‘R-and-R Centre; An Incident from the Vietnam War’ – R-and-R being a “Rest and Recreation Centre” set up in countries near to Vietnam, neutral countries. A short holiday resort for GIs.

R-and-R Centre: An Incident from the Vietnam War

We built a palace for them, made of bedrooms.
We even tracked down playmates for them
(No easy job since prostitutes went out
When self-rule came). We dug a pool,
Constructed shops, and a hut for movies
With benches outside for the girls to wait on.
Serene House was what we called it.
We did our bit in that war.

Air America brought them from the battlefield.
We lifted the girls from the suburbs by buses:
Chinese, Indian, Malay, Eurasian,
Healthy and well-fed and full of play.

There were cameras in plenty, tape-recorders
And binoculars for the soldiers to buy
For the girls; for the girls to sell back
To the shops; for the shops to sell to the soldiers.

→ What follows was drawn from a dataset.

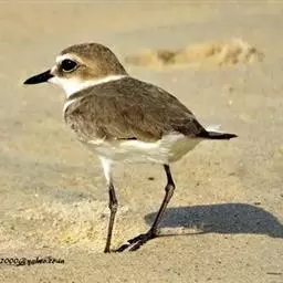 雌鸟额、头顶、枕和后颈棕褐色,头侧、颈侧以及前颈淡棕色,肩羽灰褐色,翅上次级覆羽灰色,颏、喉白色,微缀棕色,体两侧灰色而具白斑。余同雄鸟。
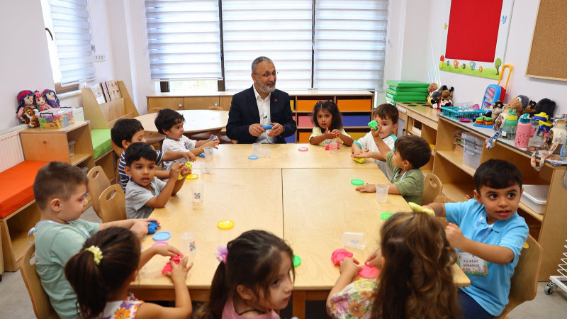Başkan Özmen, toplamda 50 öğrenci kapasiteli 3 sınıftan oluşan merkezi ziyareti sırasında çocuklarla sohbet ederek etkinliklere katıldı.

Serene House was near the varsity. The GIs
Strayed across the campus with Nikons and blank faces:
It was feared they might assault the female students.
They seemed scared of their own cameras.
They looked at nobody; nobody looked at them.
That violence down the road -
It was good for business, and we did our bit.
Otherwise it was a vulgar subject.

Once I found a GI in the corridor,
Young and dazed, gazing at the notice-boards.
The Misses Menon, Lee, Fernandez, Poh and Noor
Should report for a tutorial at 3 p.m.
Bringing their copies of The Revenger’s Tragedy …
If Mr Sharma fails to pass his essay up this week
He will find himself in serious trouble…
The Literary Society seeks help in cutting sandwiches …

He was still there thirty minutes later,
A stunned calf. I asked if I could help.
He shrank away: ‘It is not allowed to stand here?’
The corridor was dingy, walls streaked with bat shit,
somewhere a typewriter clacked like small arms.
‘Is there … would there be a … library?’
One of the best in fact in South-east Asia. -
I offered to show him. He trembled
with a furtive pleasure. His only licence
Was to kill, to copulate and purchase cameras.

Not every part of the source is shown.